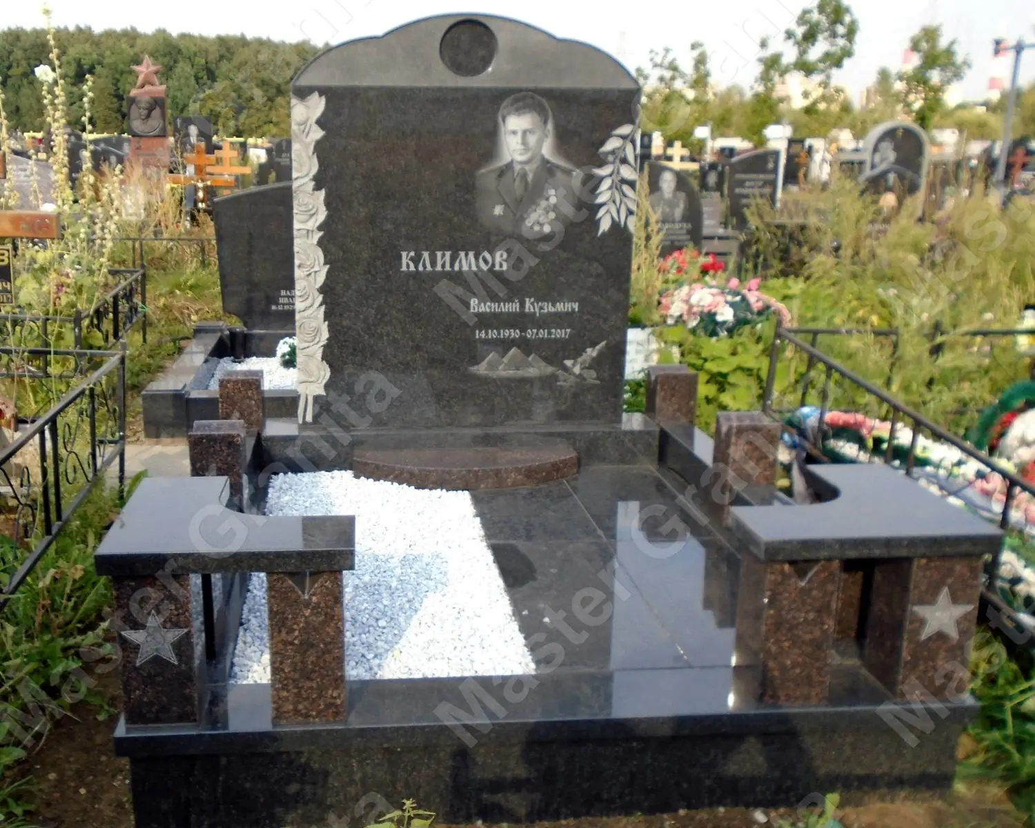 Два материала не просто отлично смотрятся вместе, но и дополняют друг друга в этом прекрасном мемориальном комплексе, выполненном из Карельского диабаза и дымовского гранита. Стиль комплекса выполнен из резных столбов, напоминающие стены Кремля, так как усопший принимал участие в военных парадах. А граверные работы, словно напоминание, о ключевых событиях на жизненном пути.
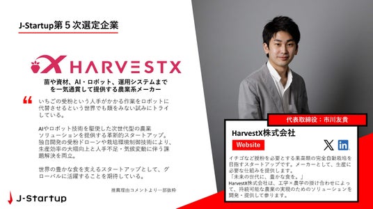 イチゴをはじめとした果菜類の自動栽培ソリューションを開発するHarvestX株式会社(本社:東京都文京区、代表取締役社長:市川友貴)は、経済産業省が運営するスタートアップ支援プログラム「J-Startup」の第5次選定企業に選出されました。
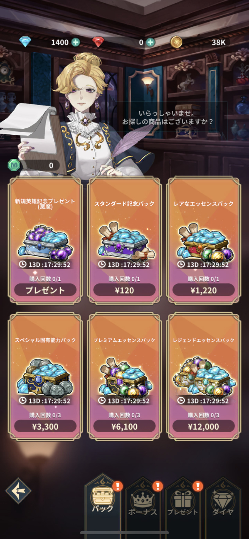 『ジオ:魔法スクロール商人』では、ダイヤ購入の前に、ぜひパックをご覧ください、購入に当たって個数や時間の制約はありますが、お得なパックが沢山あります。新規英雄記念プレゼントなんて、無料でいただけますよ!
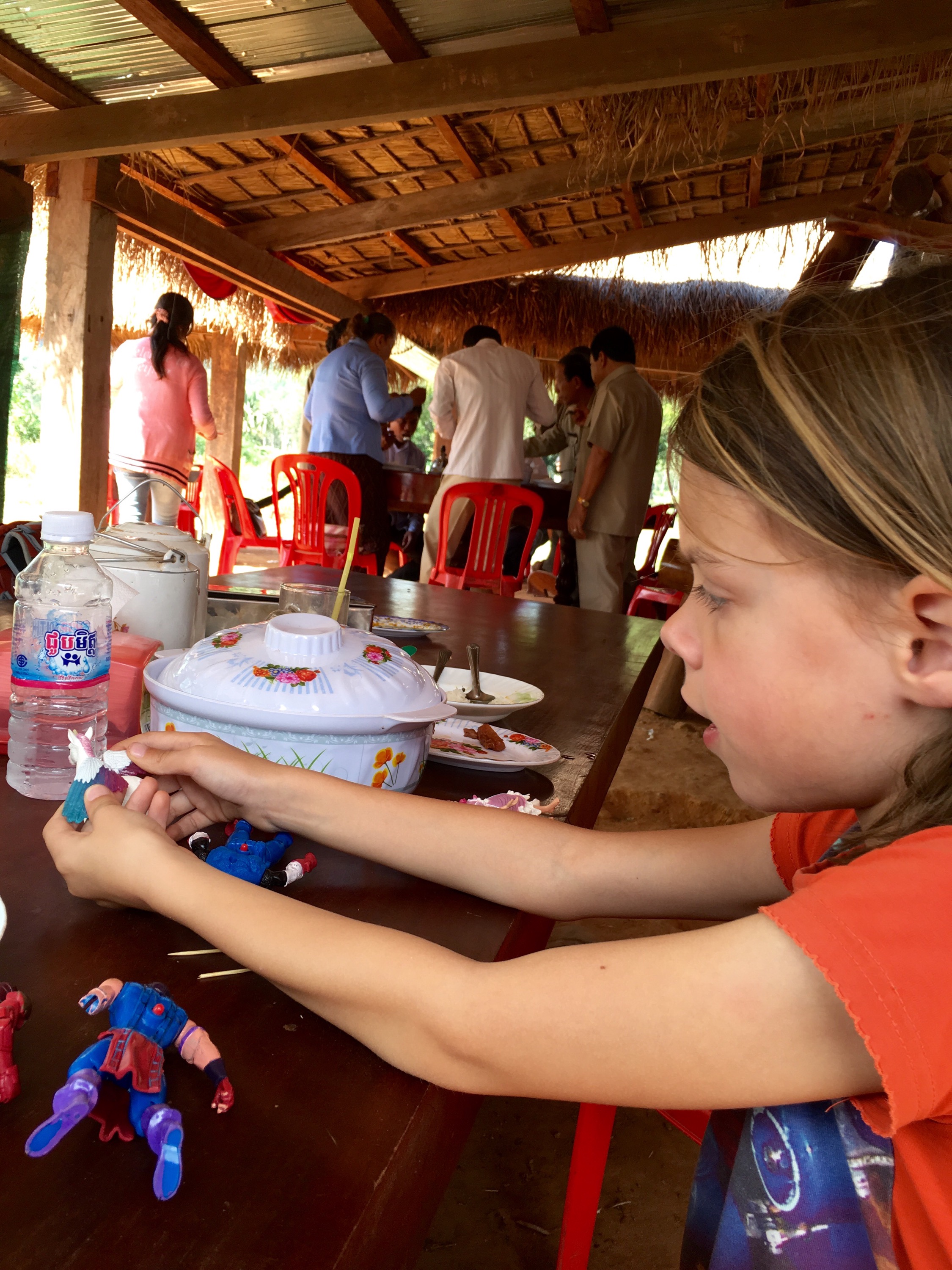 Zoals de titel al zegt. We zijn op een 2daagse tocht met een landcruiser troopie door het laatste onaangetaste regenwoud van Cambodja. Helaas was het al 6 uur rijden en het geduld van de kinderen op toen we de eerste boom tegenkwamen. Halverwege slapen we in een guesthouse waar ze weer dol zijn op duuk en zijn bleekscheten huidje. Iedereen knijpt hem in z’n wangen, slaat op z’n billen en wil met hem op de foto. Duuk ondergaat het gelaten.
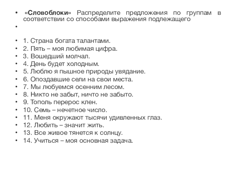 «Словоблоки» Распределите предложения по группам в соответствии со способами выражения подлежащего  1. Страна богата талантами.2. Пять

*What the exercise asks*
Restate the data word for word without pictures.

*Response area*
 Два материала не просто отлично смотрятся вместе, но и дополняют друг друга в этом прекрасном мемориальном комплексе, выполненном из Карельского диабаза и дымовского гранита. Стиль комплекса выполнен из резных столбов, напоминающие стены Кремля, так как усопший принимал участие в военных парадах. А граверные работы, словно напоминание, о ключевых событиях на жизненном пути.
 イチゴをはじめとした果菜類の自動栽培ソリューションを開発するHarvestX株式会社(本社:東京都文京区、代表取締役社長:市川友貴)は、経済産業省が運営するスタートアップ支援プログラム「J-Startup」の第5次選定企業に選出されました。
 『ジオ:魔法スクロール商人』では、ダイヤ購入の前に、ぜひパックをご覧ください、購入に当たって個数や時間の制約はありますが、お得なパックが沢山あります。新規英雄記念プレゼントなんて、無料でいただけますよ!
 Zoals de titel al zegt. We zijn op een 2daagse tocht met een landcruiser troopie door het laatste onaangetaste regenwoud van Cambodja. Helaas was het al 6 uur rijden en het geduld van de kinderen op toen we de eerste boom tegenkwamen. Halverwege slapen we in een guesthouse waar ze weer dol zijn op duuk en zijn bleekscheten huidje. Iedereen knijpt hem in z’n wangen, slaat op z’n billen en wil met hem op de foto. Duuk ondergaat het gelaten.
 «Словоблоки» Распределите предложения по группам в соответствии со способами выражения подлежащего  1. Страна богата талантами.2. Пять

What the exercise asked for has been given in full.